### Exercise description
Would you copy the lines below exactly and omit the images?

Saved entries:
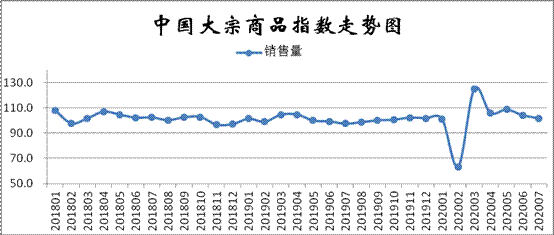 2020年7月份,大宗商品銷售指數(shù)兩連降至107.7%,較上月下跌2.4個百分點。各主要商品中,鋼鐵銷售量繼續(xù)下降,化工銷售量也出現(xiàn)減少態(tài)勢,鐵礦石、煤炭、成品油和汽車銷售量雖繼續(xù)增加,但銷售增速出現(xiàn)不同程度的下滑,有色金屬銷售量在家電等行業(yè)生產(chǎn)加快的提振下,本月出現(xiàn)增速加快的格局。總體來看,下半年全國各地在以習(xí)近平同志為核心的黨中央領(lǐng)導(dǎo)下,統(tǒng)籌推進疫情防控和經(jīng)濟社會發(fā)展,扎實做好“六穩(wěn)”工作,全面落實“六保”任務(wù),我國經(jīng)濟將實現(xiàn)穩(wěn)增長,為拉動大宗商品需求注入強勁動力,市場需求將好于上半年。
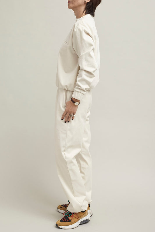 Two Piece Set with Sweat Pants and Sweat Blouse | White Pants with Elastic Waist and Matching Top
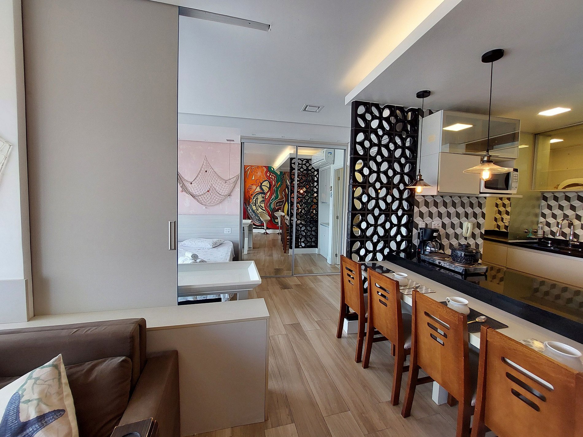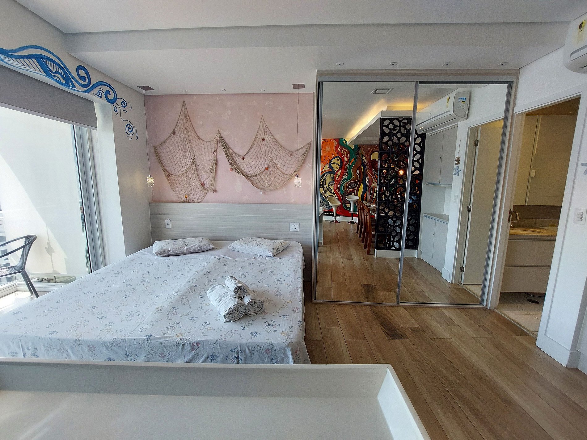 O apartamento 1413 possui vista para a piscina, tem sacada envidraçada e é perfeito para hospedagens com crianças, acomoda uma familia de até 4 pessoas. Também aceita cães de pequeno e médio porte pesando até 15kg mediante taxa adicional de R$ 120,00). Gatos não são aceitos.
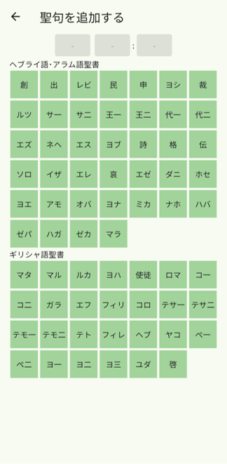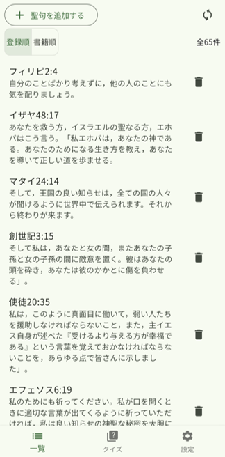 - 聖句の登録: 聖句の本、章、節と本文を登録します。 登録した聖句を削除することもできます。
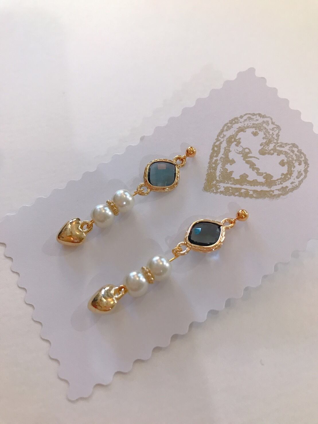 ゴールドとパールとハートの組み合わせが美しい上品なピアスです。
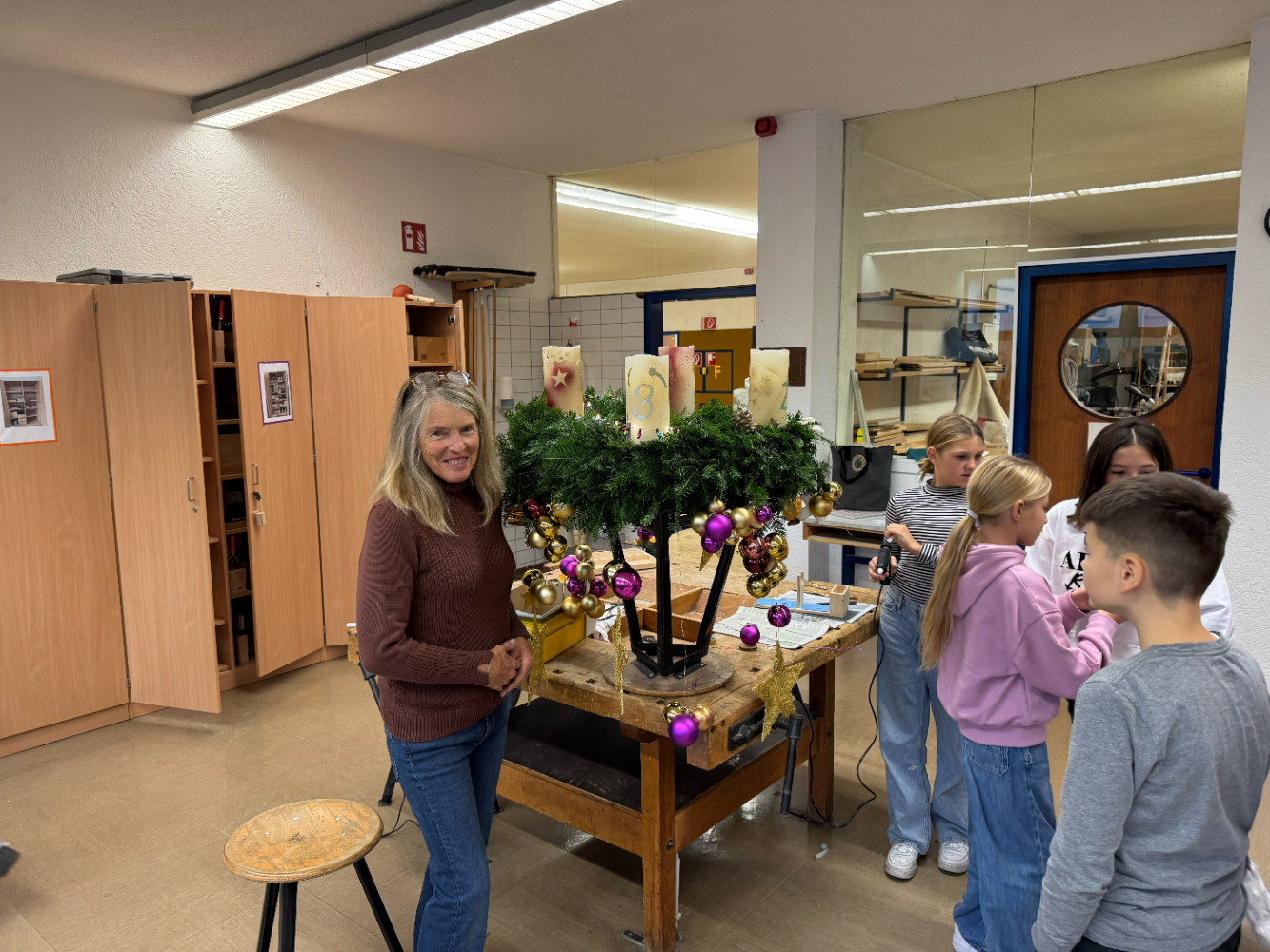 In der dritten und vierten Stunde übernahm die 1b. Sie gab dem Adventskranz seine letzten grünen Schichten und führte die Dekoarbeiten weiter. Nun wurden die einzelnen Gestaltungselemente zu ansprechenden Kombinationen gebunden – etwa mit Zimtstangen und Orangenscheiben. Die grell glitzernden Kugeln bekamen damit einen natürlichen Ausgleich, der dem Kranz seinen besonderen Charme verleiht.
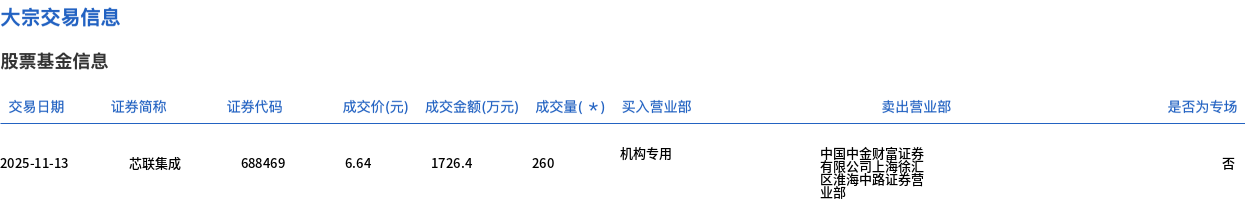 11月13日,芯联集成大宗交易成交260万股,成交额1726.4万元,占当日总成交额的1.17%,成交价6.64元,较市场收盘价6.74元折价1.48%。
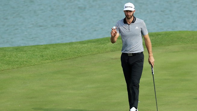 DJ hefir spilað á samtals 13 undir pari, 131 höggi (68 63) og á 1 högg á næsta keppenda, sem er Brooks Koepka, sem samtals hefir spilað á 12 undir pari, 132 höggum (64 68).
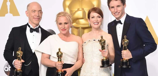 Într-adevăr, multe dintre statuetele din acest an au fost acordate favoriţilor, inclusiv cele la principalele categorii de interpretare, care au mers la Eddie Redmayne, pentru interpretarea celebrului astrofizician Ethan Hawking din „The Theory of Everything/ Teoria întregului“, şi Julianne Moore, pentru rolul unei profesoare care luptă cu primele simptome ale maladiei Alzheimer, în „Still Alice“. De asemenea, „Birdman/ Omul Pasăre“ l-a învins pe „Boyhood/ 12 ani de copilărie“, câştigând atât titlul de Cel mai bun film, cât şi pe cel de Cel mai bun regizor, pentru cineastul mexican Alejandro González Iñárritu.
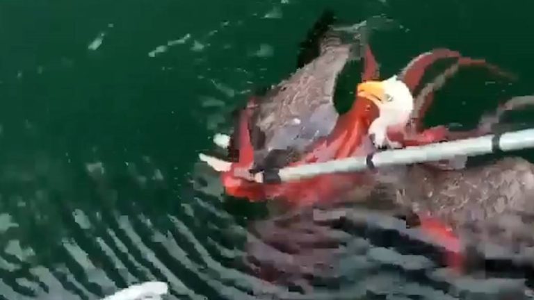 अक्टोपसले चीललाई बेरेर पानीभित्र लान खोज्दा… भिडियोसहित
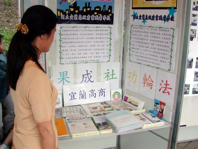 【明慧网2004年11月9日】2004年11月6日,“台湾宜兰县高中社团博览会”在罗东镇中山公园广场举行。宜兰高商及罗东高工两所国立高中,以显著的展板篇幅,呈现各校法轮功社团蓬勃发展的情况。
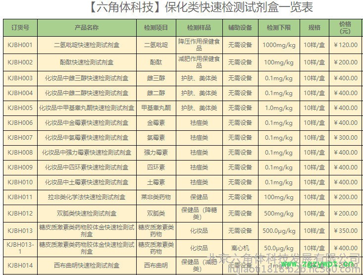 六角体科技KJBH021 化妆品重金属汞检测试剂盒 保化类产品汞试剂盒 化妆品重金属检测试剂盒 保健品检测试剂盒
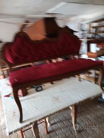 divanetto in legno con imbottitura velluto rosso restaurato di recente leggermente lacerato in un angolo.
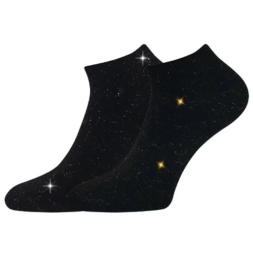 A Lonka® BIRGIT bambusz zokni női alacsony zokni a mindennapi használatra. A bambusz viszkóz természetes antibakteriális és antiallergiás tulajdonságokkal rendelkező természetes anyag, a puha és selymes szál kellemes tapintású és bőrbarát, jól felszívja a nedvességet. A minőségi zokni a 200 tűs kötésnek köszönhetően puha és sima felületű. A lábujjhegyet láncolással zárják, így nem nyom sehol, a pigue szegélye pedig puha, nem szorít. Az egyszínű gyenge rövid zokni 2 párból álló csomagban kerül forgalomba, mindegyik zokni más - csillogó az ezüst és arany lurex szálnak köszönhetően.
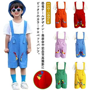 恐竜テールデザイン!発表会や記念写真撮影にピッタリのカラーサロペットパンツ。明るい色合い、こどもをより可愛く映えます。ダンス、体操、イベントなどのチームウェアとしてオススメ。シンプルでおしゃれなデザイン...

### Exercise result
 2020年7月份,大宗商品銷售指數(shù)兩連降至107.7%,較上月下跌2.4個百分點。各主要商品中,鋼鐵銷售量繼續(xù)下降,化工銷售量也出現(xiàn)減少態(tài)勢,鐵礦石、煤炭、成品油和汽車銷售量雖繼續(xù)增加,但銷售增速出現(xiàn)不同程度的下滑,有色金屬銷售量在家電等行業(yè)生產(chǎn)加快的提振下,本月出現(xiàn)增速加快的格局。總體來看,下半年全國各地在以習(xí)近平同志為核心的黨中央領(lǐng)導(dǎo)下,統(tǒng)籌推進疫情防控和經(jīng)濟社會發(fā)展,扎實做好“六穩(wěn)”工作,全面落實“六保”任務(wù),我國經(jīng)濟將實現(xiàn)穩(wěn)增長,為拉動大宗商品需求注入強勁動力,市場需求將好于上半年。
 Two Piece Set with Sweat Pants and Sweat Blouse | White Pants with Elastic Waist and Matching Top
 O apartamento 1413 possui vista para a piscina, tem sacada envidraçada e é perfeito para hospedagens com crianças, acomoda uma familia de até 4 pessoas. Também aceita cães de pequeno e médio porte pesando até 15kg mediante taxa adicional de R$ 120,00). Gatos não são aceitos.
 - 聖句の登録: 聖句の本、章、節と本文を登録します。 登録した聖句を削除することもできます。
 ゴールドとパールとハートの組み合わせが美しい上品なピアスです。
 In der dritten und vierten Stunde übernahm die 1b. Sie gab dem Adventskranz seine letzten grünen Schichten und führte die Dekoarbeiten weiter. Nun wurden die einzelnen Gestaltungselemente zu ansprechenden Kombinationen gebunden – etwa mit Zimtstangen und Orangenscheiben. Die grell glitzernden Kugeln bekamen damit einen natürlichen Ausgleich, der dem Kranz seinen besonderen Charme verleiht.
 11月13日,芯联集成大宗交易成交260万股,成交额1726.4万元,占当日总成交额的1.17%,成交价6.64元,较市场收盘价6.74元折价1.48%。
 DJ hefir spilað á samtals 13 undir pari, 131 höggi (68 63) og á 1 högg á næsta keppenda, sem er Brooks Koepka, sem samtals hefir spilað á 12 undir pari, 132 höggum (64 68).
 Într-adevăr, multe dintre statuetele din acest an au fost acordate favoriţilor, inclusiv cele la principalele categorii de interpretare, care au mers la Eddie Redmayne, pentru interpretarea celebrului astrofizician Ethan Hawking din „The Theory of Everything/ Teoria întregului“, şi Julianne Moore, pentru rolul unei profesoare care luptă cu primele simptome ale maladiei Alzheimer, în „Still Alice“. De asemenea, „Birdman/ Omul Pasăre“ l-a învins pe „Boyhood/ 12 ani de copilărie“, câştigând atât titlul de Cel mai bun film, cât şi pe cel de Cel mai bun regizor, pentru cineastul mexican Alejandro González Iñárritu.
 अक्टोपसले चीललाई बेरेर पानीभित्र लान खोज्दा… भिडियोसहित
 【明慧网2004年11月9日】2004年11月6日,“台湾宜兰县高中社团博览会”在罗东镇中山公园广场举行。宜兰高商及罗东高工两所国立高中,以显著的展板篇幅,呈现各校法轮功社团蓬勃发展的情况。
 六角体科技KJBH021 化妆品重金属汞检测试剂盒 保化类产品汞试剂盒 化妆品重金属检测试剂盒 保健品检测试剂盒
 divanetto in legno con imbottitura velluto rosso restaurato di recente leggermente lacerato in un angolo.
 A Lonka® BIRGIT bambusz zokni női alacsony zokni a mindennapi használatra. A bambusz viszkóz természetes antibakteriális és antiallergiás tulajdonságokkal rendelkező természetes anyag, a puha és selymes szál kellemes tapintású és bőrbarát, jól felszívja a nedvességet. A minőségi zokni a 200 tűs kötésnek köszönhetően puha és sima felületű. A lábujjhegyet láncolással zárják, így nem nyom sehol, a pigue szegélye pedig puha, nem szorít. Az egyszínű gyenge rövid zokni 2 párból álló csomagban kerül forgalomba, mindegyik zokni más - csillogó az ezüst és arany lurex szálnak köszönhetően.
 恐竜テールデザイン!発表会や記念写真撮影にピッタリのカラーサロペットパンツ。明るい色合い、こどもをより可愛く映えます。ダンス、体操、イベントなどのチームウェアとしてオススメ。シンプルでおしゃれなデザイン...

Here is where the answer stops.